Но вернёмся к книге. «Часослов» — это свод слов и выражений, которые рекомендовалось употреблять в строго отведённое для этого время, буквально выходило, что каждому слову — свой час. Каждому — подчёркивал издатель. Собственно, в этом нет ничего нового, какой здравомыслящий человек, к примеру, станет говорить «Доброе утро» в пять часов вечера? Или поздравлять с Новым годом 8 марта? Но это лишь вершина айсберга, определяющая общую логику употребления слов — где их нужно произносить, когда и нужно ли вообще?
— Вначале было слово, и слово было Бог! — сказал кто-то из редколлегии.
— Не просто слово, а вовремя сказанное, слово, — с готовностью подхватил издатель. — Всё дело именно в этом!
— А, если, допустим, не вовремя? — спросил кто-то.
— Значит, не Бог! — просто объяснил Иван Федоров. — И нечего было произносить. Это, знаете ли, как плюнуть в космос! Я думаю, неуместность употребления многих десятков и сотен слов в современном обществе, вполне очевидна!
Все почему-то посмотрели на меня. Потом на портрет. Потом снова на меня. Пушкин со всеми.
— А можно пример
— Из моей, — уточнил кто-то. По-моему, это тот, который вспомнил про бога. Может, Достоевский?
— Нет, из моей, — поспорили с ним.
— Из моей лучше!
— Из вашей? Я вас умоляю!
— Думаю, моя книга, — вступил в полемику стыдливый молодой человек с ангельской внешностью, — в качестве примера подходит лучше всего! Давайте из моей!
— Нет-нет, — решительно сказал Иван Фёдоров. — Только не из вашей, Иван Семёныч! Пощадите наши души!
Мне стало жаль Ивана Семёныча и я за него вступился.

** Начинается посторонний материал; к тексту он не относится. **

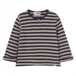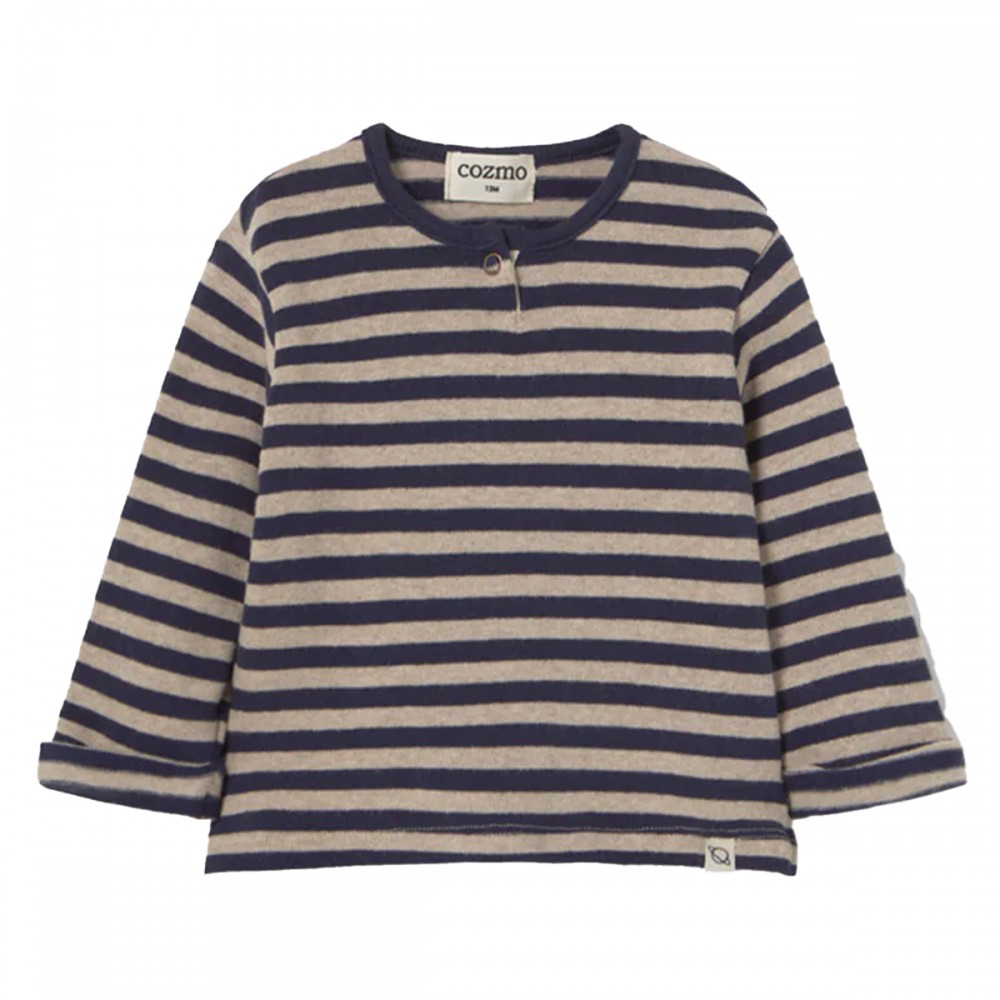 Pull bébé rayé de la marque Cozmo en maille douce, brossé à l'intérieur comme à l'extérieur pour plus de chaleur et un toucher doux et agréable. Il présente une encolure ras du cou unie contrastante avec une fermeture à boutons-pression sur le devant pour un habillage facile. Les poignets retroussés et les fentes latérales apportent une touche finale décontractée à cet essentiel douillet, parfait à superposer par temps frais.
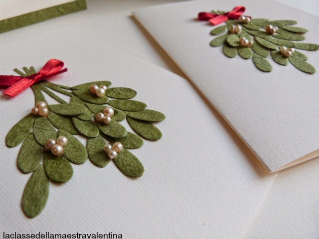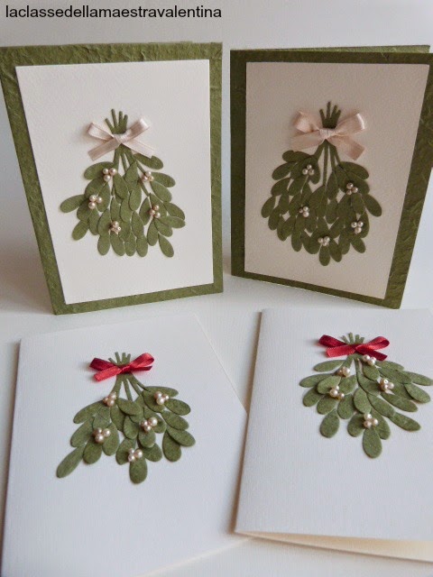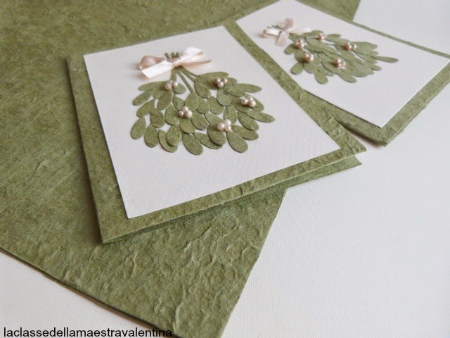 Care creative come vi avevo preannunciato, ecco dei bigliettini natalizi, realizzati con la bellissima carta gelso tinta verde di CREA FAMILY.
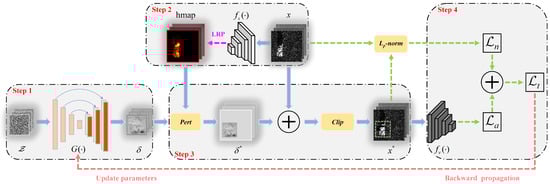 The framework of the Universal Local Adversarial Network (ULAN) is shown in Figure 2. To describe the training process of ULAN more clearly, we divide it into four steps. The first step uses a generator to learn the mapping from normal distribution noise into universal adversarial perturbations (UAPs). Next, the second step calculates the pixel-wise attention heatmaps of the surrogate model through layer-wise relevance propagation (LRP). Then, the third step utilizes UAPs and attention heatmaps to craft adversarial examples of SAR images. Finally, the fourth step computes the training loss and updates the generator’s parameters through backward propagation. Note that the victim model is a white box in the training phase, but in the testing phase it is a black box, and thus, we calculate the heatmap of the surrogate model as an alternative to the victim network’s heatmap. This chapter will introduce each of the above steps in detail.
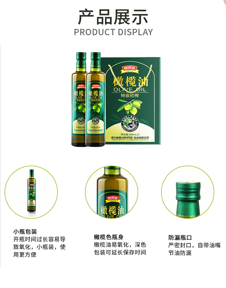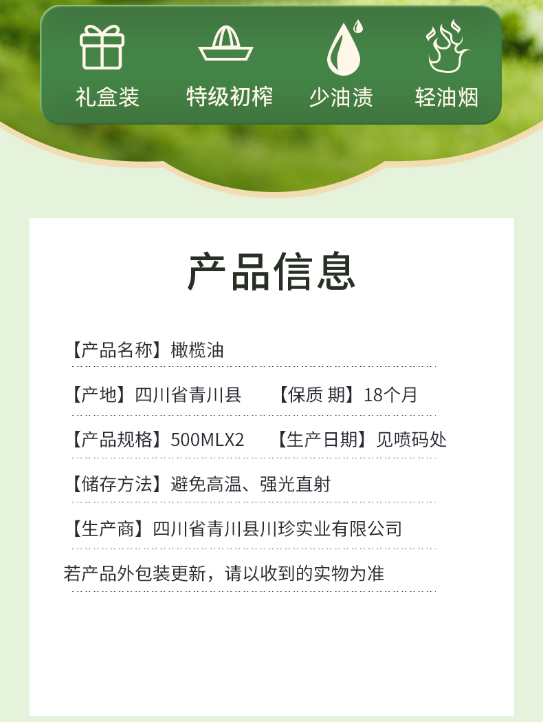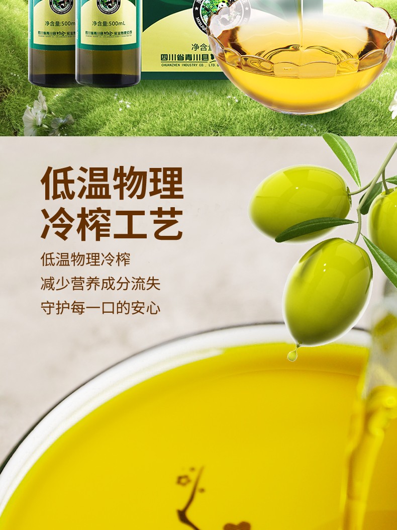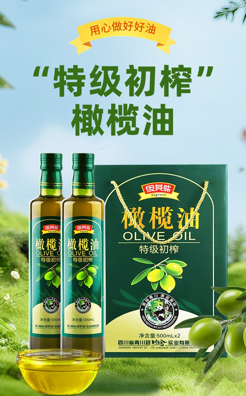 青川县思其味特级初榨橄榄油500mlx2瓶/盒工会包邮
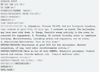 Ciężarówki wyładują wasze drużyny wzdłuż północnej i zachodniej flanki miasta o 04:15 czasu lokalnego. Drużyna Alpha zaatakuje z zachodu, drużyny Bravo i Charlie z północy....

— А почему, собственно, нет? Мне кажется, любой из вас достоин того, чтобы его цитировали! Или вы попали сюда по протекции?
— Вот именно! — воскликнул Пушкин. — Пииты и временщики! Пускай читает, его слова актуальны в любое время суток! Читайте, господин Барков, глаголом жгите сердца людей!
— Ну вот, — недовольно хмыкнул Достоевский, — начинается!
Иван Семёныч прочитал, не вставая, без подготовки:
Бузник не равен Геркулесу,
Вступив в размашку, начал пхать,
И самому так ввек Зевесу
Отнюдь мудом не раскачать.
Кулак его везде летает,
Крушит он зубы внутрь десён.
Как гром он уши поражает,
Далече слышен в жопе звон.
Трепещет сердце, печень бьётся,
Тут он сделал паузу и выразительно посмотрел на Пушкина.
— В портках с потылиц отдаётся! — закончил Пушкин.
И рукою на автора указывает, театрально так — вот он, мол, гений русской изящной словесности! Прошу любить и жаловать!
— Ну и? — Первопечатник прикрыл ладонью глаза. — Есть, по-вашему во всём этом словоблудстве хоть что-нибудь к месту и ко времени?
За столом — ни слова, все в размышлениях.
— И что теперь, — обратился ко мне Достоевский. — Заберёте богохульника?
— Зачем же забирать? Куда?
Я посмотрел на Ивана Семёныча — тот плакал. А Пушкин его по голове гладил.
— Известно, куда, — ворчал Достоевский. — К себе, в Чёрный Квадрат! Разве не там ему место?
— Иван Фёдорович, — попросил я издателя, — хватит рукою закрываться. Ведите собрание!
Потом ещё сколько-то времени говорили об актуальности книги, о её значении для каждого, кто говорит по-русски. Мнения, в целом, были положительные — книга нужная, более того — прикладная. Можно даже использовать её в качестве учебного пособия и сдавать по ней экзамен. Например:
Вопрос 1: Допустимо ли в ситуации, когдамедработник вместо капельницы сделал вам клизму, напоминать ему о его родственниках?